• [Extracted records]:

——————————

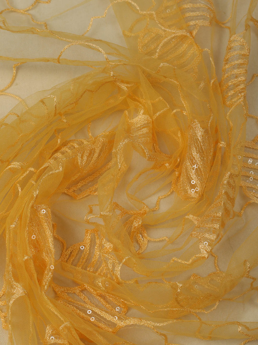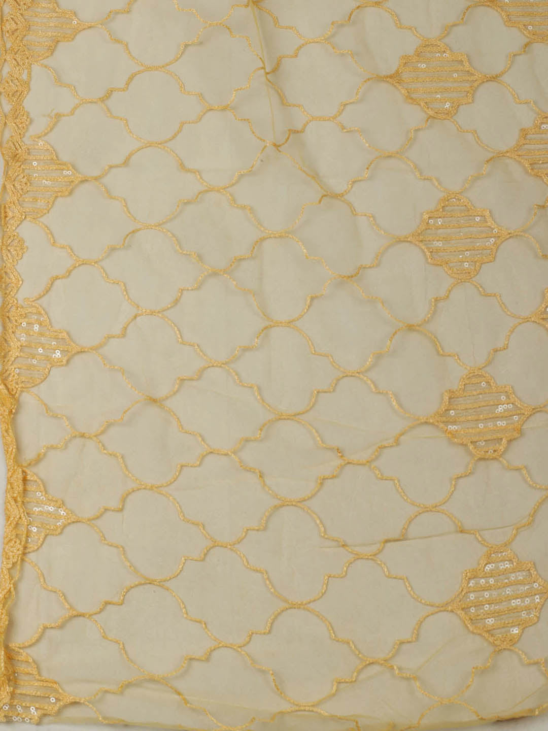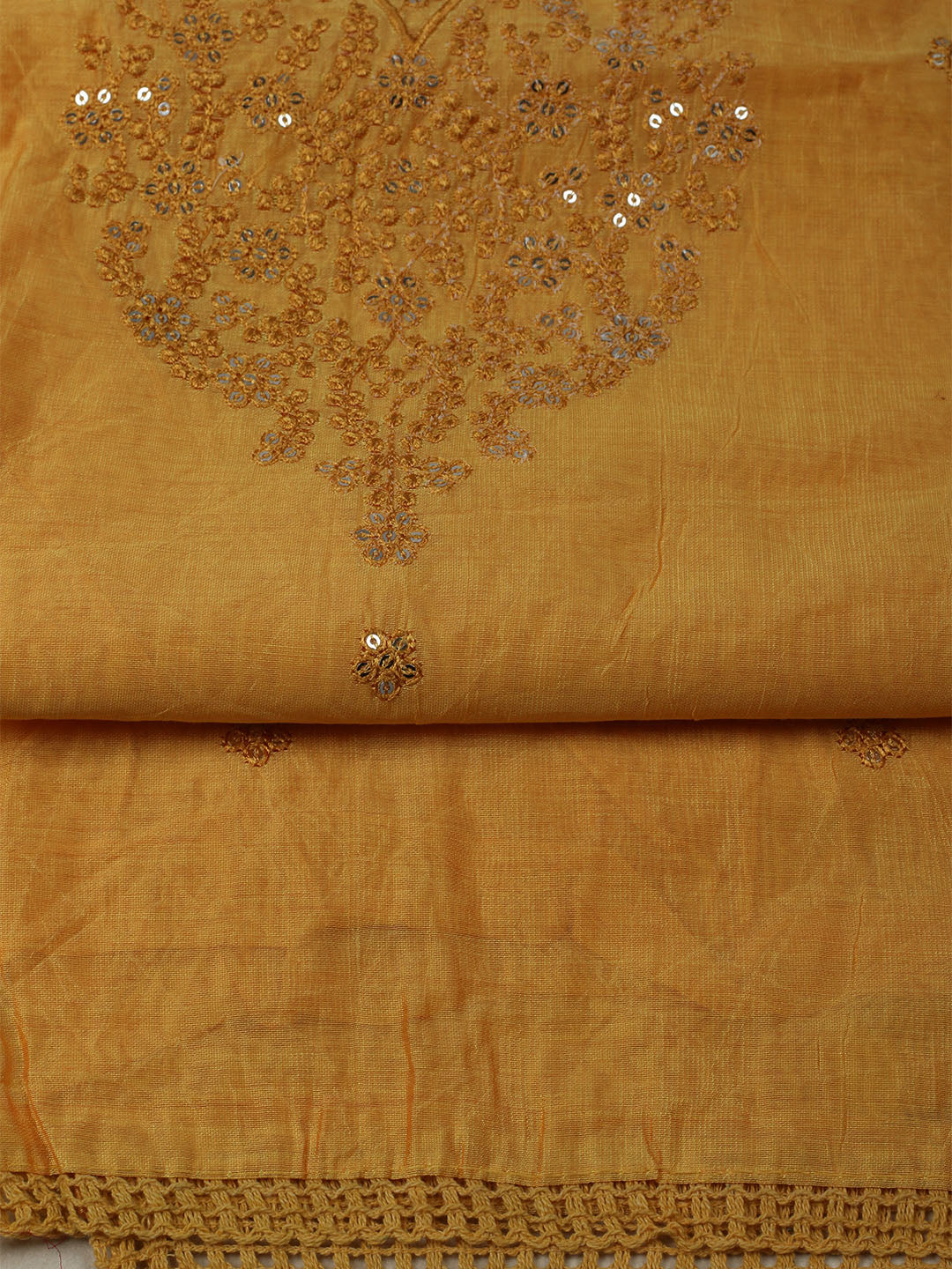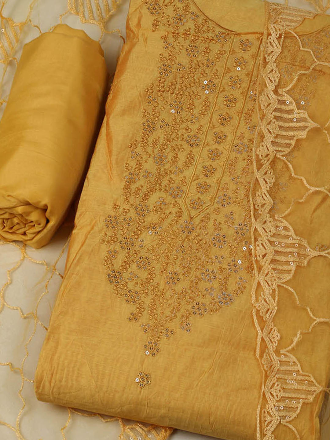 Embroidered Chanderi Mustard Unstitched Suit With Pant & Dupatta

——————————

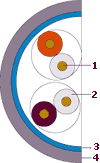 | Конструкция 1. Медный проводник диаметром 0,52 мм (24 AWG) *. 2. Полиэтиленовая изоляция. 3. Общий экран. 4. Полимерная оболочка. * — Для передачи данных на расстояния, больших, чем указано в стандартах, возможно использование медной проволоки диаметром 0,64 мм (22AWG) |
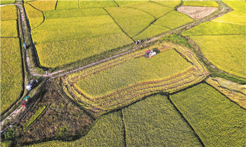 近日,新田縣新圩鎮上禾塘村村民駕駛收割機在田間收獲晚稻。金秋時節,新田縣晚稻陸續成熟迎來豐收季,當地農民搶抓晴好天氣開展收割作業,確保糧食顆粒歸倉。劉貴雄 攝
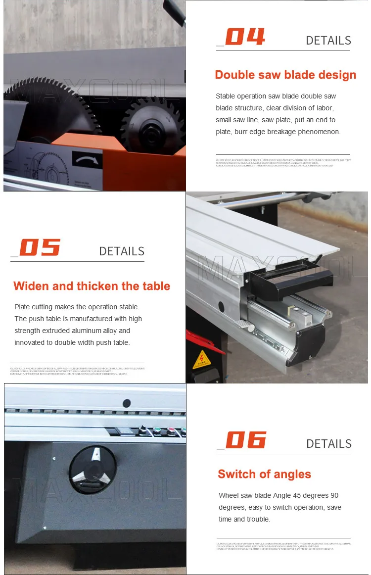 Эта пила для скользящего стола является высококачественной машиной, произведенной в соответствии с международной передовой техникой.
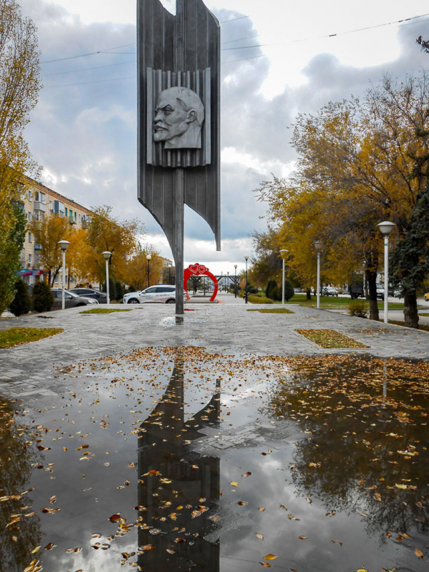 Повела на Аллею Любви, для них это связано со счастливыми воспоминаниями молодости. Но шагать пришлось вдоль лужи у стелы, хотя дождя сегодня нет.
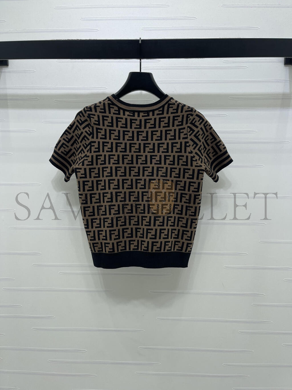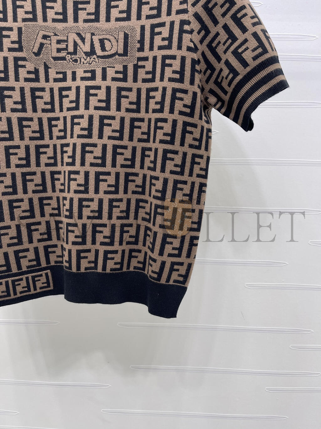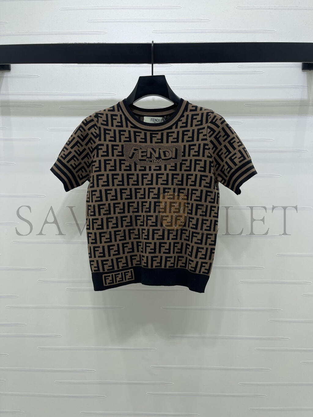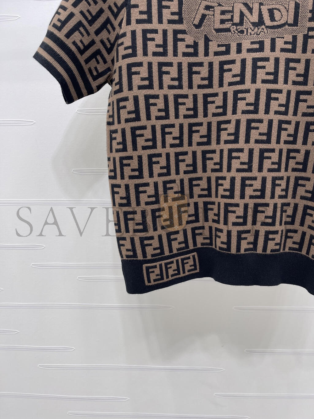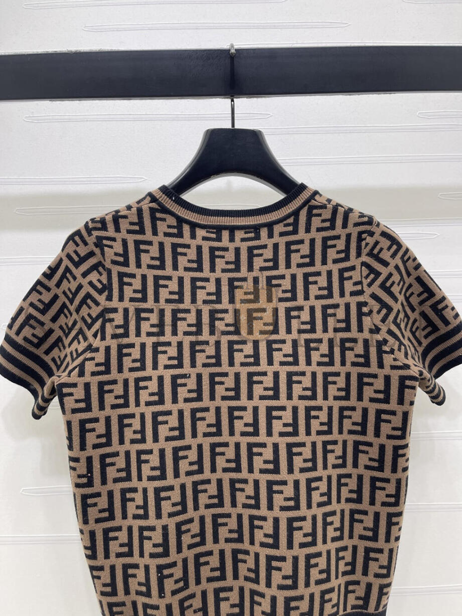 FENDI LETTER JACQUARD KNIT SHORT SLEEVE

——————————

• [Problem requirements]: The response must repeat exactly the lines above from the one with "Эта пила для" through the one with "FENDI LETTER JACQUARD KNIT SHORT SLEEVE", including both, and must contain no pictures and no other text.

• [Written solution]:
 Эта пила для скользящего стола является высококачественной машиной, произведенной в соответствии с международной передовой техникой.
 Повела на Аллею Любви, для них это связано со счастливыми воспоминаниями молодости. Но шагать пришлось вдоль лужи у стелы, хотя дождя сегодня нет.
 FENDI LETTER JACQUARD KNIT SHORT SLEEVE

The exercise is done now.